Data entries:
%%

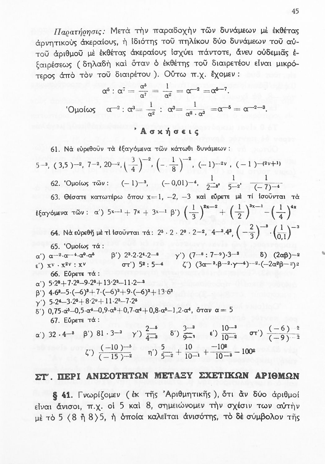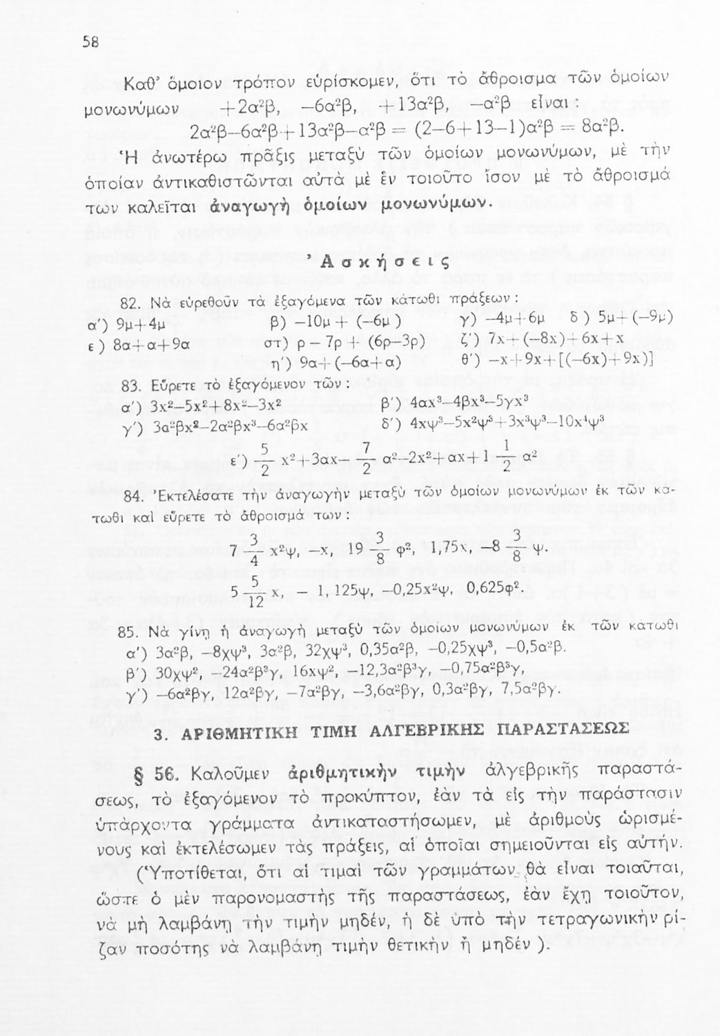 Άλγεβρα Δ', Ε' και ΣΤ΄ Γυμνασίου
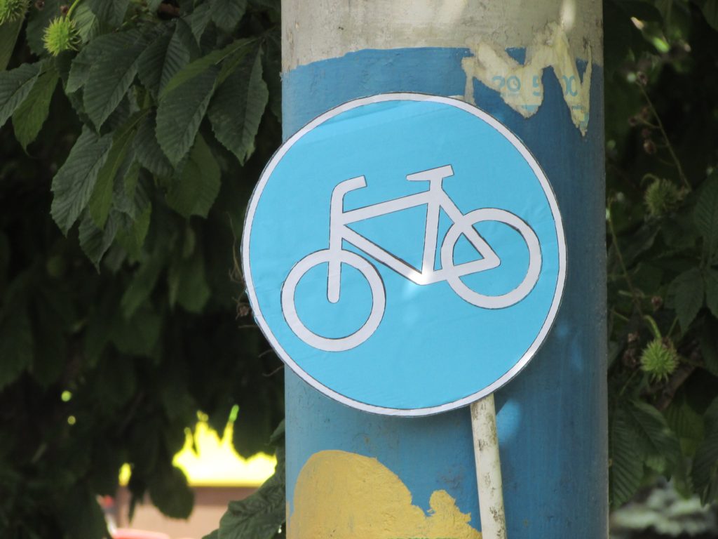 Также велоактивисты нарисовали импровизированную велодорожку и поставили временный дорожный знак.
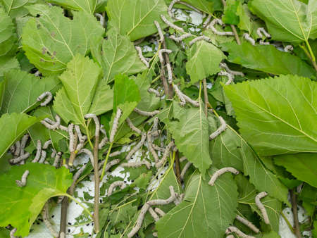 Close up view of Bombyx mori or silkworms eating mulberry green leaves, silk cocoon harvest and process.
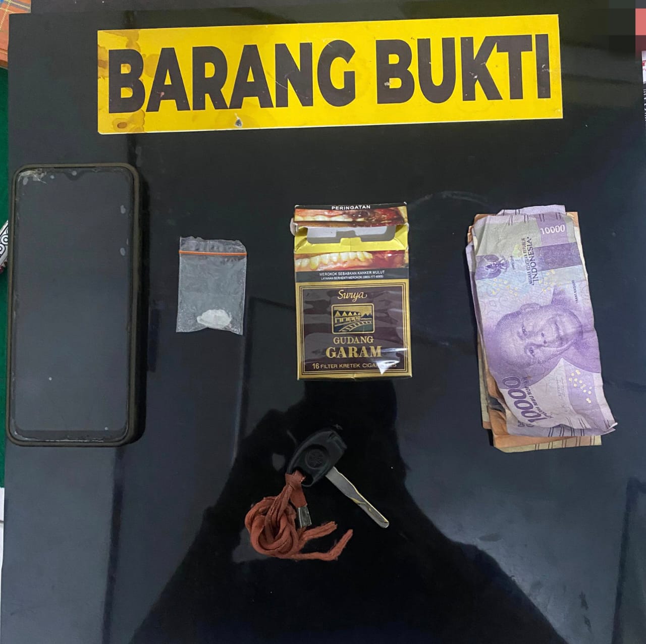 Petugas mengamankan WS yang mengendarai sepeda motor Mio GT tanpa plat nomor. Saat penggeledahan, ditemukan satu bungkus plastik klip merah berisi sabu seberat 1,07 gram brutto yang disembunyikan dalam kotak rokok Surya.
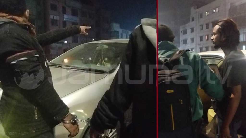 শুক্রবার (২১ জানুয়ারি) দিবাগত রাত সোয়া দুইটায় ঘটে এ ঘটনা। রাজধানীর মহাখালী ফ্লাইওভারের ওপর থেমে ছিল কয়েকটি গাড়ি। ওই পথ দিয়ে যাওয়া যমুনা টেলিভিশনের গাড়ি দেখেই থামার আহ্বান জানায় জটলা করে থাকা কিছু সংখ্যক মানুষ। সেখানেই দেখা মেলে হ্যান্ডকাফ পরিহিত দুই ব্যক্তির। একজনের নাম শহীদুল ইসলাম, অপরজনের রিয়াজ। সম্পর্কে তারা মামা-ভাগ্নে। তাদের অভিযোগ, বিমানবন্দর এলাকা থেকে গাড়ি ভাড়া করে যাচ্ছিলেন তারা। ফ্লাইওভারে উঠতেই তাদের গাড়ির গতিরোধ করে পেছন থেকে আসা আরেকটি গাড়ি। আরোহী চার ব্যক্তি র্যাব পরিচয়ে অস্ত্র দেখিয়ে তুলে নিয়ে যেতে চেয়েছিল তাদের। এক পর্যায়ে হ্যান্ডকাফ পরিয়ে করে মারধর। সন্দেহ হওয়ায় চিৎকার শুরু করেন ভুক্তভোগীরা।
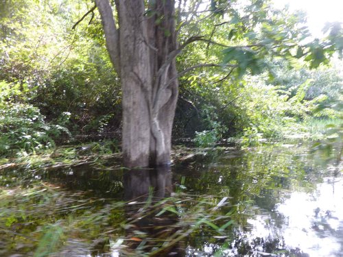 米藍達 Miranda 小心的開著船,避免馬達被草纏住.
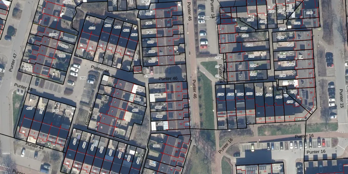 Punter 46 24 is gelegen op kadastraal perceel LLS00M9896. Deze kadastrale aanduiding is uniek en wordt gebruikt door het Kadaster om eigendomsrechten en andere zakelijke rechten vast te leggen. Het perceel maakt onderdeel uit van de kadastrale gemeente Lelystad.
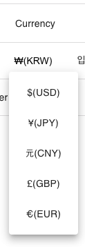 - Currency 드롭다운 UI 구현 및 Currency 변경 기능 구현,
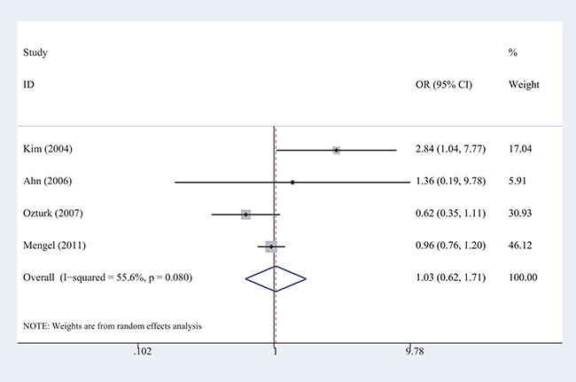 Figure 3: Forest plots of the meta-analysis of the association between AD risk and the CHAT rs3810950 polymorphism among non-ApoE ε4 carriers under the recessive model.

%%

WHAT TO WORK ON: Give the records above again in full and exactly, but exclude every picture.

ANSWER SECTION:
 Άλγεβρα Δ', Ε' και ΣΤ΄ Γυμνασίου
 Также велоактивисты нарисовали импровизированную велодорожку и поставили временный дорожный знак.
 Close up view of Bombyx mori or silkworms eating mulberry green leaves, silk cocoon harvest and process.
 Petugas mengamankan WS yang mengendarai sepeda motor Mio GT tanpa plat nomor. Saat penggeledahan, ditemukan satu bungkus plastik klip merah berisi sabu seberat 1,07 gram brutto yang disembunyikan dalam kotak rokok Surya.
 শুক্রবার (২১ জানুয়ারি) দিবাগত রাত সোয়া দুইটায় ঘটে এ ঘটনা। রাজধানীর মহাখালী ফ্লাইওভারের ওপর থেমে ছিল কয়েকটি গাড়ি। ওই পথ দিয়ে যাওয়া যমুনা টেলিভিশনের গাড়ি দেখেই থামার আহ্বান জানায় জটলা করে থাকা কিছু সংখ্যক মানুষ। সেখানেই দেখা মেলে হ্যান্ডকাফ পরিহিত দুই ব্যক্তির। একজনের নাম শহীদুল ইসলাম, অপরজনের রিয়াজ। সম্পর্কে তারা মামা-ভাগ্নে। তাদের অভিযোগ, বিমানবন্দর এলাকা থেকে গাড়ি ভাড়া করে যাচ্ছিলেন তারা। ফ্লাইওভারে উঠতেই তাদের গাড়ির গতিরোধ করে পেছন থেকে আসা আরেকটি গাড়ি। আরোহী চার ব্যক্তি র্যাব পরিচয়ে অস্ত্র দেখিয়ে তুলে নিয়ে যেতে চেয়েছিল তাদের। এক পর্যায়ে হ্যান্ডকাফ পরিয়ে করে মারধর। সন্দেহ হওয়ায় চিৎকার শুরু করেন ভুক্তভোগীরা।
 米藍達 Miranda 小心的開著船,避免馬達被草纏住.
 Punter 46 24 is gelegen op kadastraal perceel LLS00M9896. Deze kadastrale aanduiding is uniek en wordt gebruikt door het Kadaster om eigendomsrechten en andere zakelijke rechten vast te leggen. Het perceel maakt onderdeel uit van de kadastrale gemeente Lelystad.
 - Currency 드롭다운 UI 구현 및 Currency 변경 기능 구현,
 Figure 3: Forest plots of the meta-analysis of the association between AD risk and the CHAT rs3810950 polymorphism among non-ApoE ε4 carriers under the recessive model.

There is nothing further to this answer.